According to both popular science and drug commercials, the brain is a mess of chemicals. Imbalances in these chemicals are responsible for a variety of ailments from depression to addiction. However, there’s rarely any mention of how these chemicals are related to neural activity. For instance, why is dopamine often rewarding, and why is serotonin related to depression?
To answer such questions, let’s back up a bit. The brain receives, processes, and sends information in the form of electrical signals sent to and from neurons. Like all cells, neurons have a membrane which separates the inside of the cell from the outside. They also have molecular machinery that keeps the inside of the cell more electrically negative than the outside of the cell by pumping out certain electrically charged particles and allowing others in. Like a wall in a building, the membrane is solid in most places but also contains tiny doors. When the right molecule fits into part of the door, like a key into a lock, the door opens and lets in particles which can make the inside more or less negative.
What’s special about neurons is that if the inside loses it’s negative voltage, the neuron “fires,” sending a chain reaction down the long cable (called an axon) coming out of the cell. The cable connects the neuron to other neurons, but the cable doesn’t usually attach directly. Instead it stays a tiny distance from the target cells; when the chain reaction reaches the end of the cable, chemicals called neurotransmitters are released. Neurotransmitters are keys to doors in the target cell’s membrane. Depending on the type of door, the target neuron will be pushed towards or away from the voltage threshold for it’s own chain reaction. Complicating matters, some chemicals, called neuromodulators open doors in the membrane that cause longer-term effects, like making the cell fire more easily for an extended period.

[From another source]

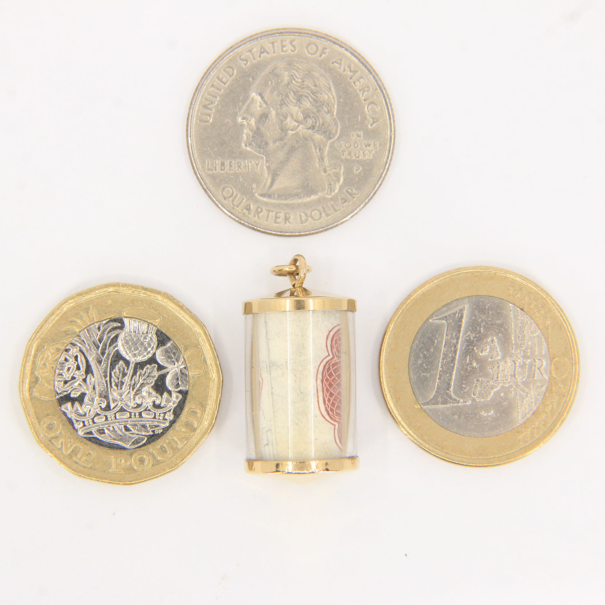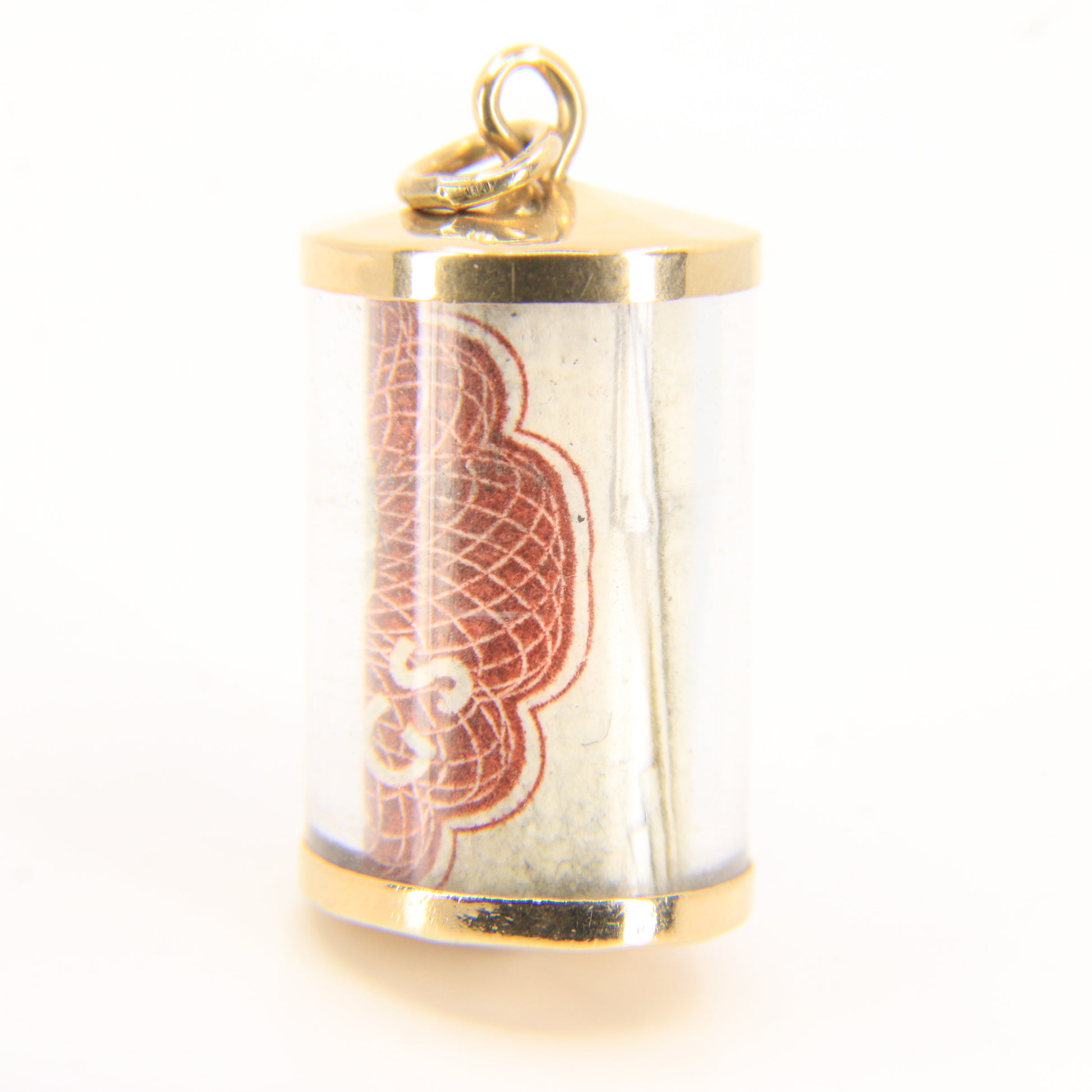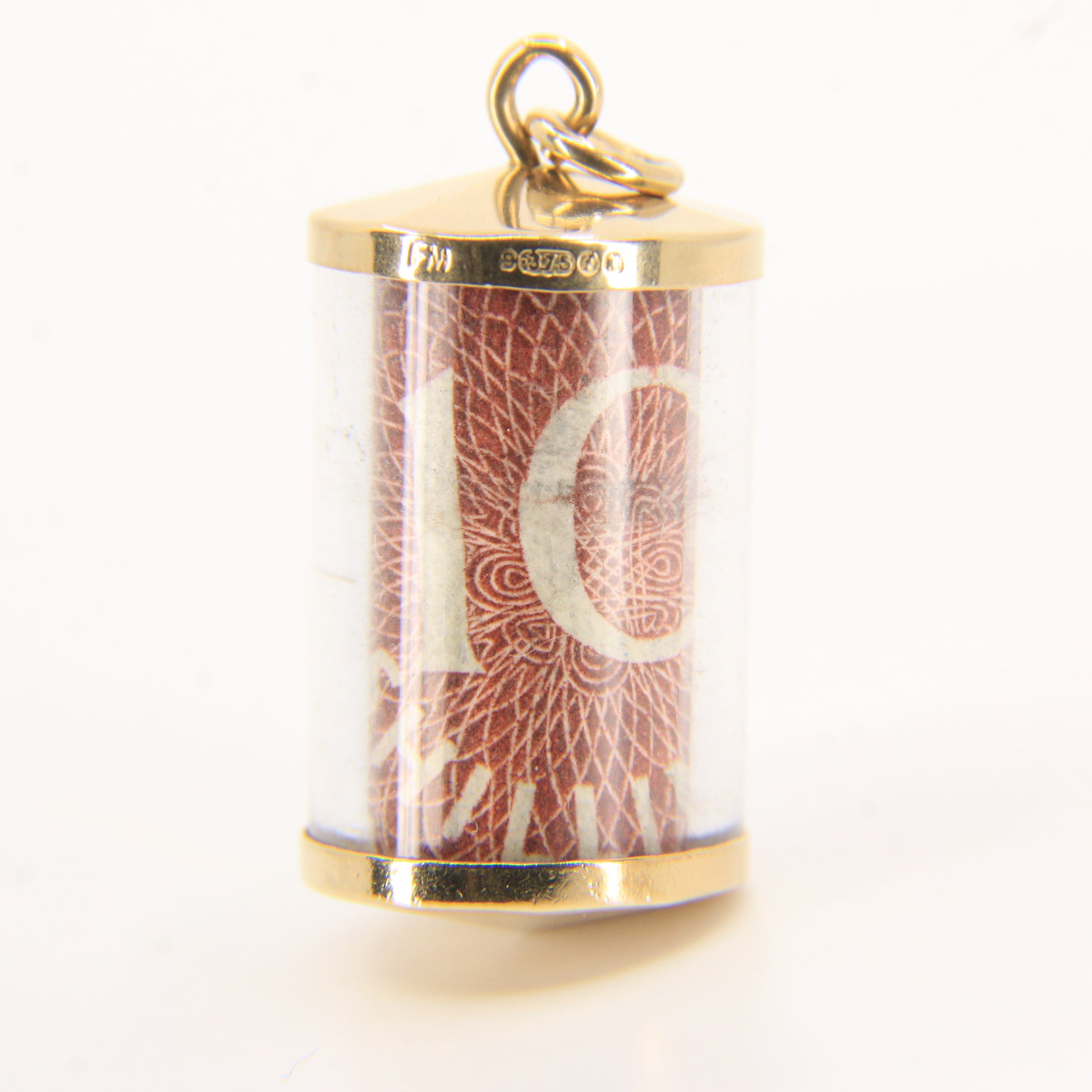 A distinctive vintage luck charm featuring an original 10 shilling UK currency note, securely cased in 9ct gold and fully hallmarked. A fascinating piece of British monetary history with strong symbolic appeal—add this to your collection today.

The key point is that it’s the relationships between cells that are really important, not the neurotransmitters per se. In fact, different neural systems can use the same neurotransmitters for different functions. Dopamine is sometimes referred to as a “pleasure chemical,” but it is much more accurate to say it is an important chemical for a major neural reward system. Dopamine is important to this system because many of the neurons within it have dopamine-shaped locks on their doors. But some totally different systems, including some involved in movement, also have dopamine shaped locks on their doors. The most visible symptoms of Parkinson’s disease, for instance, result from too little dopamine in areas that have little to do with reward.
Many research labs at IU study neurotransmitters and neuromodulators. In Dr. Sharlene Newman’s Cognitive Neuroimaging Lab, research assistant Derek Kellar examined how alcohol use might be related to concentrations of glutamate in the anterior cingulate cortex and nucleus accumbens, two regions of the brain involved in reward and addiction. Glutamate is a major excitatory neurotransmitter – that is, it tends to open doors in the cell membrane that make the cell more likely to fire.
Derek showed both alcohol users and non-drinking control subjects two sets of images while scanning their brains with an MRI machine. One set contained images of alcohol, similar to the one displayed here, that may evoke craving, while the other set contained neutral control images of furniture. Using a technique called magnetic resonance spectroscopy, he determined concentrations of glutamate in the anterior cingulate cortex and nucleus accumbens. If images of alcohol invoke craving in alcohol users, then they might also drive an increase in the excitatory neurotransmitter glutamate in neural regions related to reward.
However, their findings in anterior cingulate cortex were surprising. Heavy drinkers had higher starting levels of glutamate than control subjects, but those levels actually decreased slightly while looking at the alcohol-related pictures relative to the control pictures. According to Derek, this result may be due to the pattern of drinking in the college student population since alcohol may actually be aversive the day after binge drinking, but further research will have to be conducted to untangle the relationship between alcohol use, glutamate, and drug craving. This is just one instance of the varied and complex relationship between behavior and the wide array of chemicals affecting neural activity in the brain.